Function detection of MPs
The state and function of MPs were detected, and lymphocytes were separated from the collected GLF and cultured with MPs, and then their proliferation, apoptosis and secretion functions were tested. CCK8 measured its proliferation rate, flow cytometry (Novocyte 2060R, Aisen Biology (Hangzhou) Co., Ltd.) measured its apoptosis rate and ELISA measured its inflammatory factor secretion function.
Detection of the dendritic cells’ (DCs) antigen-presenting function
The number of DCs was adjusted to 5×104 /mL, and 1.5 mL of DCs suspension was added to each hole in the 6-well plate. Next, 150 µL of GLF was added to each well and cultured in a 5% CO2 incubator at 37℃ for 24 hours. Cells were scraped and suspended with 5 mL of PBS, then centrifuged at 250 g for 10 minutes. The precipitate was resuspended with 5 mL of PBS and centrifuged for another 10 minutes, then the cells in PBS were resuspended, and 1 µL of OX-6 and 2 µL of OX-42 were added to avoid light for up-flow detection within 1 hour.

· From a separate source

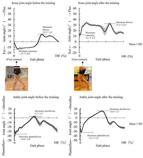 Knee and ankle joints angle on the affected side during gait before and after nine days of robot-assisted gait. The graphs indicate the knee and ankle joints angle during barefoot overground walking before (left) and after training (right). The horizontal axis indicates one gait cycle, with 0% indicating initial foot contact on the affected side and 100% indicating the next contact. The thick solid line represents the mean angle, and the thin vertical line represents the standard deviation. As the patient’s photographs show, genu recurvatum was seen before the training, but it disappeared after the training. The maximum knee extension angle changed from −13.7° to 12.1°. The maximum knee flexion angle changed from 12.5° to 33.3°. The maximum ankle plantarflexion angle changed from −34.6° to −31.1°. The maximum ankle dorsiflexion angle changed from 2.7° to 15.0°.
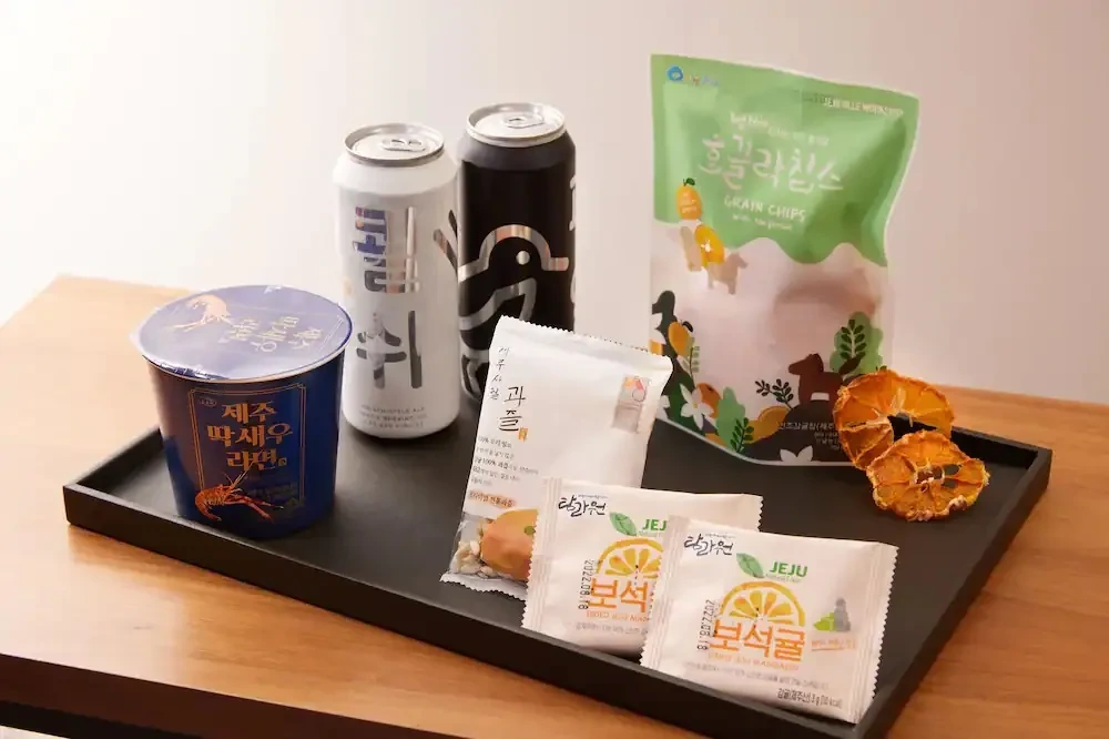 제주는 객실에 따라 시티뷰, 오션뷰, 한라산뷰까지 다양한 전망을 감상할 수 있다. 에디터의 픽은 프리미어 디럭스룸! 신라스테이에서는 프리미어 디럭스룸 이용 시 미니바가 무료로 제공된다. 제주점에서는 특별히 제주의 맛과 감성을 담은 아이템을 만날 수 있어요. 수제 맥주와 특산물 스낵, 컵라면 등 이색 굿즈를 겟할 수 있다.

AECII cells were identified by transmission electron microscopy (TEM)
AECII was identified by TEM. AECII was incubated for 48 hours and digested with 0.125% trypsin. Collect the cell suspension and centrifuge at 100 × g at 4˚C for 10 min. The supernatant was removed and the cells were fixed to 4% glutaraldehyde for 24 hours at room temperature. The cell pellets were rinsed three times for 10 minutes at 4˚C in PBS and fixed at 4˚C with 1% osmium tetroxide for 30 minutes, then rinsed three times with PBS and observed by TEM (JEM-1230(80KV), JEOL).

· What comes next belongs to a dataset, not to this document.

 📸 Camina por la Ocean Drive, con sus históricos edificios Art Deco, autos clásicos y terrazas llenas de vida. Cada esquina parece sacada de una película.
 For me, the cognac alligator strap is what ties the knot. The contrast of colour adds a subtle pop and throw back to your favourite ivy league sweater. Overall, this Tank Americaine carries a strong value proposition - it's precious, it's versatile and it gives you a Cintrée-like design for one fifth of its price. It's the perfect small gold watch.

Statistical analysis was performed using SPSS software (version 25.0; IBM, Corp.). The data are expressed as mean ± standard deviation. In order to compare the differences between groups, a one-way analysis of variance and post hoc Dunnett's T test were performed. P < 0.05 was considered to indicate a statistically significant difference.